A emergere con forza sono i nomi di Marina Abramović e di Carsten Höller, con il quale precisa Galansino “stiamo lavorando per realizzare, quanto prima, un progetto per Palazzo Strozzi: sicuramente non si tratterà di un’installazione “spot”, ma di un’operazione inserita in una vera e propria mostra site specific”. Già confermata invece, la “straordinaria retrospettiva”sull’artista originaria di Belgrado, al via il 21 settembre 2018, prima in Italia, seconda in Europa, seguendo quella al Moderna Museet di Stoccolma.
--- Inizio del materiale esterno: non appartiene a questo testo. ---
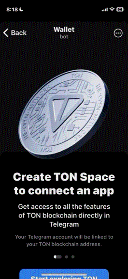 Bot画面のウォレット情報を使って、ほかのウォレットや取引所からTONを受け取ったり、友人にTONを送金できるようになります。

Resa possibile con il suo diretto contributo, la mostra costituirà l’occasione per riunire a Firenze oltre 100 opere, realizzate nell’arco temporale che dagli anni Settanta arriva fino ai giorni nostri. 

Così come avvenuto nel processo intrapreso con Bill Viola in occasione di Rinascimento Elettronico, ancora aperta fino al 23 luglio prossimo, anche in questo caso Galansino ha voluto sottolineare il legame dell’artista con l’Italia e, in particolare, con la città di Firenze. “Qui”, ha precisato ancora nell’intervista nell’edizione locale del quotidiano La Repubblica, “ha prodotto diversi video ed è stata protagonista di varie mostre, ma non aveva mai avuto una monografica completa. La nostra ripercorrerà la sua carriera dagli esordi alle grandi produzioni, mettendo al centro proprio il rapporto col nostro Paese. Ci saranno sicuramente dei re-enactment, ma lei stessa verrà a Firenze e con ogni probabilità riserverà al pubblico qualche sorpresa.”

DAL ‘500 FIORENTINO ALLE UTOPIE RADICALI FINO ALL’ITALIA DEL DOPOGUERRA
Dopo lo stop del mese di agosto, intanto, da settembre Palazzo Strozzi accoglierà Il Cinquecento a Firenze. Da Michelangelo a Vasari, attesa mostra che chiude il ciclo dei tre appuntamenti curati da Carlo Falciani e Antonio Natali. Dopo la retrospettiva del 2010 su Bronzino e l’acclamata Pontorno e Rosso Fiorentino. Divergenti vie della Maniera del 2014, il duo curatoriale questa volta si è focalizzato su una “eccezionale epoca culturale e di estro intellettuale”, segnata dalla Controriforma del Concilio di Trento e dal mecenatismo di Francesco I de’ Medici. Esattamente un anno prima della monografica su Marina Abramović, il piano nobile di Palazzo Strozzi accoglierà quindi oltre 70 opere di Michelangelo, Bronzino, Giorgio Vasari, Rosso Fiorentino, Pontormo, Santi di Tito, Giambologna e Bartolomeo Ammannati.

Da ottobre 2017, negli spazi underground della Strozzina verrà inoltre ricostruita, per la prima volta in maniera ampia e unitaria, la stagione delle avanguardie radicali. Curata da Pino Brugellis, Gianni Pettena e Alberto Salvadori, e in parte anticipata da appuntamento compreso nel palinsesto dell’Estate Fiorentina, la mostra Utopie Radicali renderà omaggio alle esperienze che si susseguirono tra gli anni Sessanta e Settanta del Novecento, tra cui 999, Archizoom, Superstudio, Ufo, Zzigurat. Riflettori ancora puntati sul Novecento a partire dal 16 marzo 2018, con l’apertura di Nascita di una nazione.

 Dopo l’esperienza di Da Kandinsky a Pollock, questo nuovo appuntamento a cura di Luca Massimo Barbero ricostruirà gli scenari artistici italiani del secolo scorso attraverso i lavori, tra gli altri, di artisti Renato Guttuso, Lucio Fontana, Alberto Burri, Mario Schifano, Mario Merz e Michelangelo Pistoletto.